Pistol itu langsung terjatuh dari tanganku, seketika saat kucondongkan tubuh melihat ke bawah air. Tubuh dan kepala Sasuke terkulai di danau dan tangannya mulai merenggang, bersamaan itu sosoknya jatuh ke dalam air. Poros wajahnya sama, tidak menampakkan kalau jiwanya sudah pergi, tetapi aku yakin dia sudah mati.
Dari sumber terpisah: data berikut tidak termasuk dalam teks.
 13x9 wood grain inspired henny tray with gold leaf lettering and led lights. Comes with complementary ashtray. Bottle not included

Untuk pertama kalinya aku melihat kematian di depan mata. Tubuh pria yang sudah kukenal tenggelam ke dasar danau yang tidak pernah kuketahui. Seluruh anggota tubuhku menyaksikan kepergian Sasuke membawa angan-anganya yang ikut terhanyut.

Deg

Benturan keras tiba-tiba merangsek masuk dalam hatiku, aku hanya mematung di tempat menerimanya. Sejalan dengan itu, aku seolah tidak punya pegangan untuk berdiri dan jatuh di lantai sekoci.

"Hahh… hikss…hikss… ha-haaah!… "

Isakanku mengencang, jiwaku seperti diremas oleh kenyataan. Aku seperti dijatuhkan dari langit yang sakitnya tak sebanding dengan luka lengan kiriku. Tanganku memeluk tubuh sendiri dan meraung-raung tanpa henti.
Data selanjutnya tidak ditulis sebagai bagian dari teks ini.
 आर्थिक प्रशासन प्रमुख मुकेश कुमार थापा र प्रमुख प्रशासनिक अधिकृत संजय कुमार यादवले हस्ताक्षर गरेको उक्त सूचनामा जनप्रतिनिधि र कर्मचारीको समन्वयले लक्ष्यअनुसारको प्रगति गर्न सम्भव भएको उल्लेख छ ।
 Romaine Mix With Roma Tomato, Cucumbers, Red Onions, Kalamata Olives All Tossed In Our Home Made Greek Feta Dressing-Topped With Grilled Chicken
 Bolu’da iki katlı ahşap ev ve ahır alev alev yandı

Bodoh adalah kata yang pantas untuk diriku.

.

.

.

.

.

.

.

Dia jahat

Dan lebih parahnya lagi…

Dia… membuatku menjadi orang jahat

Aku membunuhnya

.

.

.

.

.

.

.

.

~ Owari ~

.

.

A/N: Semoga reader-san senang dengan ceritanya, btw ini lomba pertama saya di FFN lho. Saya tidak menginginkan untuk jadi nominasi atau pemenang nantinya, tetapi kalau hal itu terjadi saya sangat bersyukur. Bagi saya ini adalah untuk menambah pengalaman di dunia fanfic. Maaf kalau masih banyak kekurangannya, terima kasih yang sudah mau menyempatkan diri untuk membaca, mereview, follow, fav, semua sangat saya hargai.